Deciding the matter after recusal

[45]   This is yet another ground for review raised by the applicant and there is merit to it. Out of her own accord and presumably because she could appreciate that her impartiality to decide to the condonation application was in question, the commissioner volunteered to recuse herself from determining the condonation application. She repeatedly informed the parties that a different commissioner would decide that application and that once a decision had been made, she would request to be allocated the file to continue with arbitration as the matter was part heard.

[46]   Contrary to this undertaking, the commissioner determined the condonation application. On being furnished with the condonation papers, the commissioner wrote to the Council as follows:

This is a very problematic case….

……

It is practice to set the matter down for condonation. In this case it might be easier. I tried to do it on the papers but she has no prospects of success and perhaps l should tell her that face to face.

Please set it down for an In Limine /arbitration. In my ruling dated 23 October 2018 it was agreed by both parties that they would revert to the Council by no later than 31 October 2018 as to whether or not this case should proceed to arbitration given that the post for which the employee applied no longer exists.

[47]   What is concerning about the contents of this communication by the commissioner is that she does not inform the Council that she had recused herself from hearing the condonation application. Secondly, the commissioner expresses the view that the applicant lacked prospects of success and proposed that this be communicated to her face to face. This is a clear indication that the commissioner predetermined the outcome of the condonation application because she was of the view that if the post no longer exists, the matter could not proceed. I have already found that this view was erroneous.

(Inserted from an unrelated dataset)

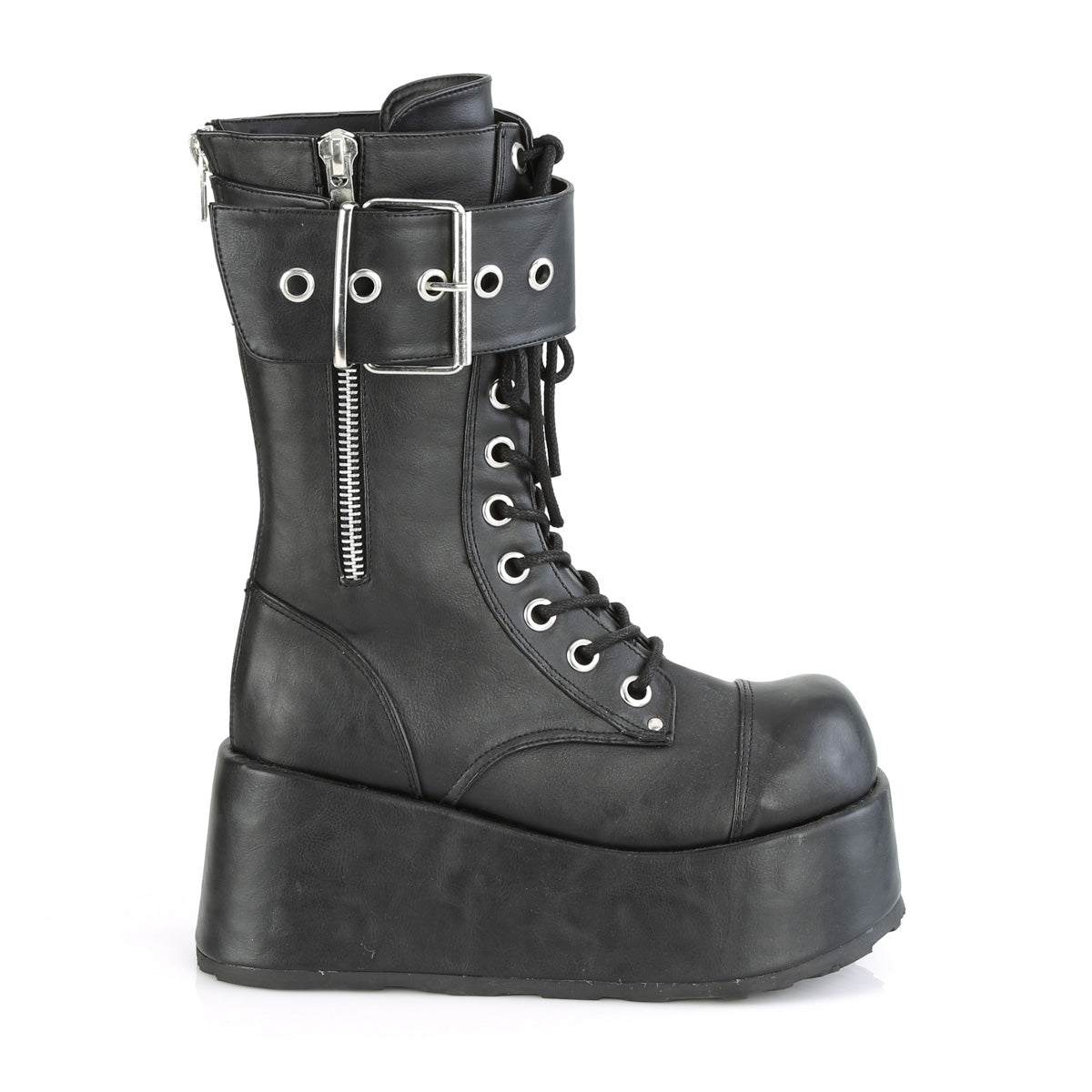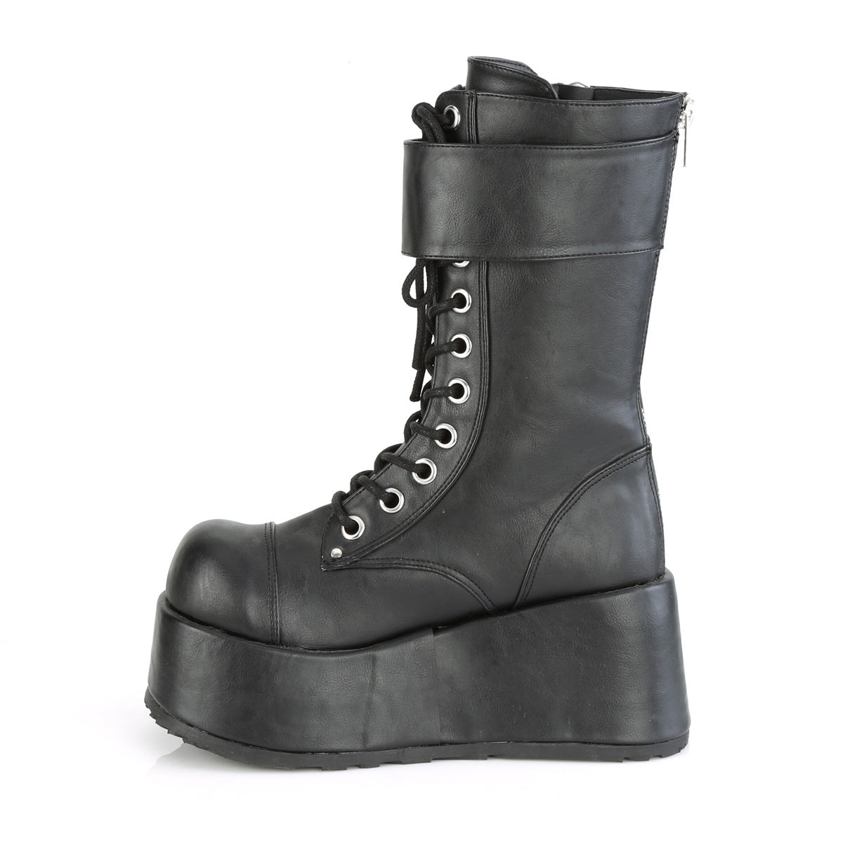 3 1/2 inch platform lace-up mid-calf boot, back zip |

[48]   When the applicant learnt from the set down notice that the commissioner who had recused herself from hearing the condonation application would in fact determine it, she wrote to the Council objecting. Unfortunately, the objection fell on deaf ears and the matter served before the commissioner on 12 June 2019. The commissioner should not have determined the condonation application and this irregularity also renders the ruling reviewable.

Conclusion

[49]   In all the circumstances, the condonation ruling cannot stand. It is one that no reasonable decision maker could arrive at for all the reasons set out above.

[50]   Even though both parties asked for costs, l will not award costs. The parties have already incurred huge legal fees thus far and will continue to incur costs in light of the order below.

[51]   I intend to substitute the ruling in respect of condonation as all the material was placed before court which was in as good a position to decide the matter.

[52]   The following order is issued:

Order:

1.      The condonation ruling is reviewed and set aside and is substituted with an order that condonation is granted.

2.      The Council is directed to re-enroll the matter for a de novo hearing of the Applicant’s unfair labour practice dispute before a commissioner other than second respondent.

3.      There is no order as to costs.

Tapiwa Gandidze

Acting Judge of the Labour Court of South Africa

Appearances:

For the applicants:                 J Van Der Schyff

                                                    instructed by KM Ramodike & Associates

For the third respondent:       Nabeelah Gallant

                                                    instructed by the State Attorney

 

[2] Noonan v Safety and Security Sectoral Bargaining Council and Others (2012) 33 ILJ 2597 (LAC).